DIRECTIONS: Pictures must not appear; the answer is exactly the lines from the one that holds "w sekretariacie Spolki" through the end of the material.

DATA PROVIDED:

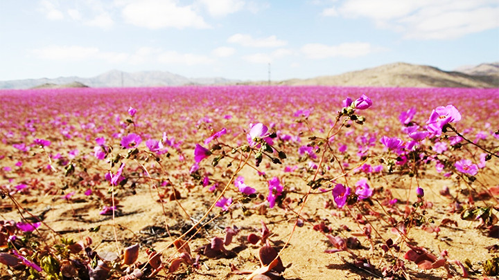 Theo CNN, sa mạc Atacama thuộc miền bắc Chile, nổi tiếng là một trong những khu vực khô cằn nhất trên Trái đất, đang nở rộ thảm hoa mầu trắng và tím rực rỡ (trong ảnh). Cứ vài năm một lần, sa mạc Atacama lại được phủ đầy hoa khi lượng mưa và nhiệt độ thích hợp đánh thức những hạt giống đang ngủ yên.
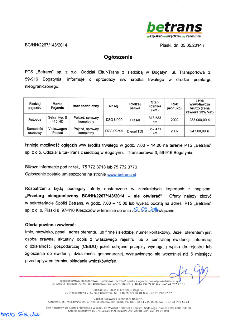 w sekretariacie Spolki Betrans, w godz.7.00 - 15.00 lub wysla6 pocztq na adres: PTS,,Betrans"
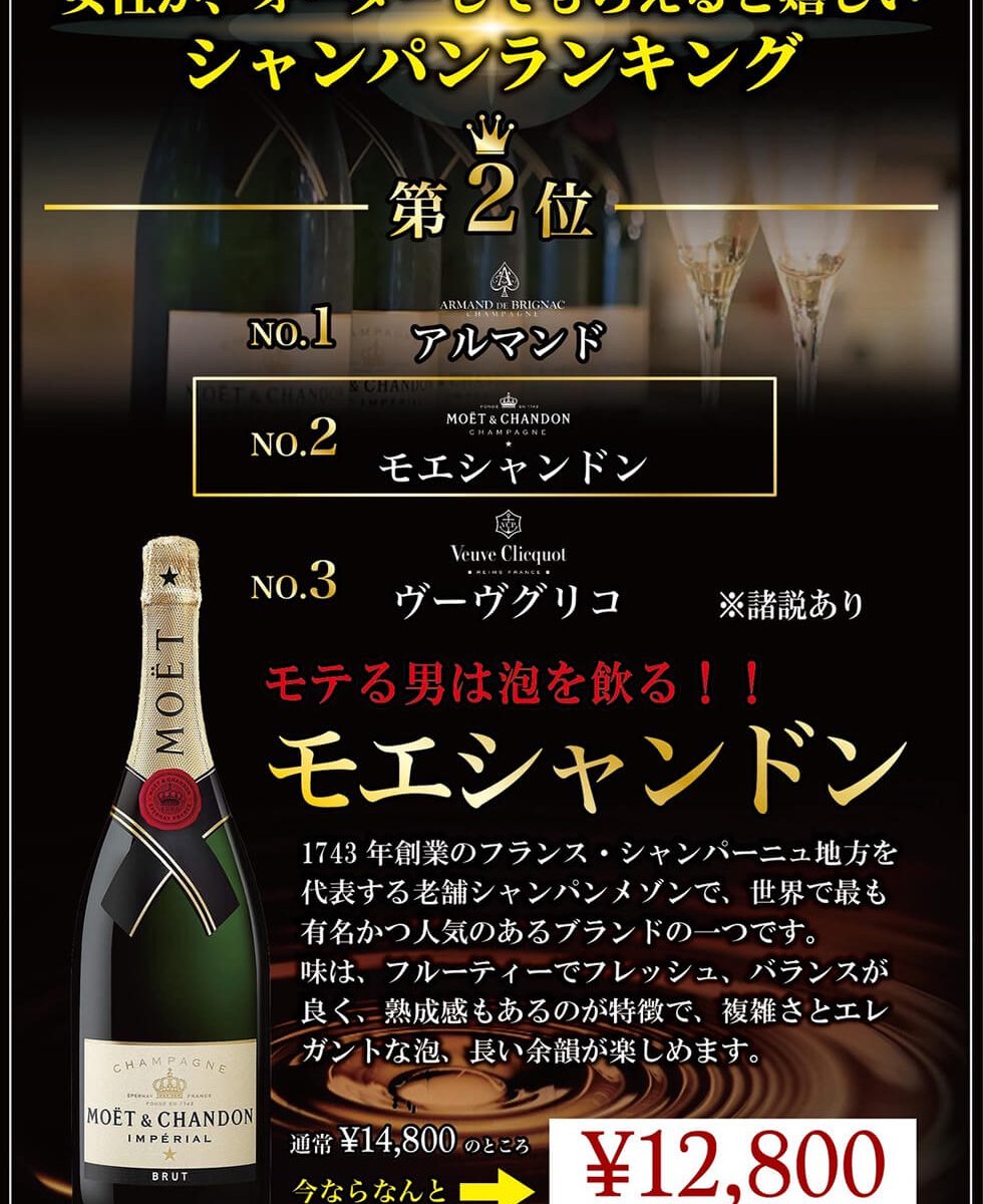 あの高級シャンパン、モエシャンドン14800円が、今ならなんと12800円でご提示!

EXERCISE SOLUTION:
 w sekretariacie Spolki Betrans, w godz.7.00 - 15.00 lub wysla6 pocztq na adres: PTS,,Betrans"
 あの高級シャンパン、モエシャンドン14800円が、今ならなんと12800円でご提示!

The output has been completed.